Discussion in 'Malware Help (A Specialist Will Reply)' started by Telephonoscope, Aug 13, 2010.

  1. Telephonoscope

    Telephonoscope Private E-2

    Hello, and thank you in advance for any help.

    The situation started with a roommate. She clicked on a link telling her that there was a virus. Something named Vista Antivirus 2010 I believe. I thought I was able to catch the virus and get rid of it, but apparently I wasn't. Although there are no longer typical virus-like behaviors there are still things wrong. Any program I want to run I have to run as administrator. System resources I'm not able to run at all. For example, I replaced an old monitor with a new one, and when I tried to Personalize > Display Settings I get a pop up Open With box with the options of running Adobe Reader, IE, or Winamp to open the file control.exe. This happens with most things. I am able to start a few things through run by accessing it through windows+r. Still, very frustrating.

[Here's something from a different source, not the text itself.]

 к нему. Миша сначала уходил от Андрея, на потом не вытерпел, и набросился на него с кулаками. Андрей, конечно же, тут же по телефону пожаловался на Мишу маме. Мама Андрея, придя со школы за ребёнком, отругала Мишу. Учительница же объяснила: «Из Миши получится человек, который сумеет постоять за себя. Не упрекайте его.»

    Would someone be able to help me with this?

    Details: I used SUPERAntiSpyware. It found nothing. According to the program it was updated when I installed it. In the logs there is a file named SUPERAntiSpyware Scan Log - 08-12-2010 - 21-46-08.log When I highlight that log and then click on view log nothing happens. Nothing pops up.

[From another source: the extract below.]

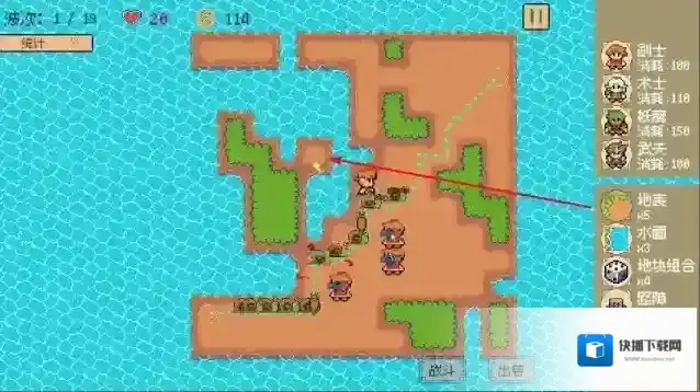 3、“波次防御”,应对1-19等多波敌人进攻,根据战况调整兵种,坚守岛屿,完成关卡。

    I have attached the Malwarebytes log

    I didn't use ComboFix or RootRepeal because my machine is using Vista.

    I also ran MGtools and it ran for a bit and stopped here: Running processdll.exe to find Dlls

    This popup came up: Appllication has generated an exception that could not be handled. Process id = 0xd18 (3352), Thread id = 0d00 (3388). Click ok to terminate the application. Click cancel to debug the information.

    I hit cancel.

    This was next:
    Registered JIT debugger is not available. An attempt to launch a JIT debugger with the following command resulted in an error code of 0x2 (2). Please check computer settings.

    cordbg.exe !a 0xd18

    Click on retry to have the process wait while attaching a debugger manually. Click on cancel to abort the JIT debug request.

    I hit cancel again
     

    Attached Files:

    Telephonoscope, Aug 13, 2010
    #1
  2. Kestrel13!

    Kestrel13! Super Malware Fighter - Major Dilemma Staff Member

    Having combofix run on vista is fine, do you have 64 bit vista? If not I need to see the log from running combofix.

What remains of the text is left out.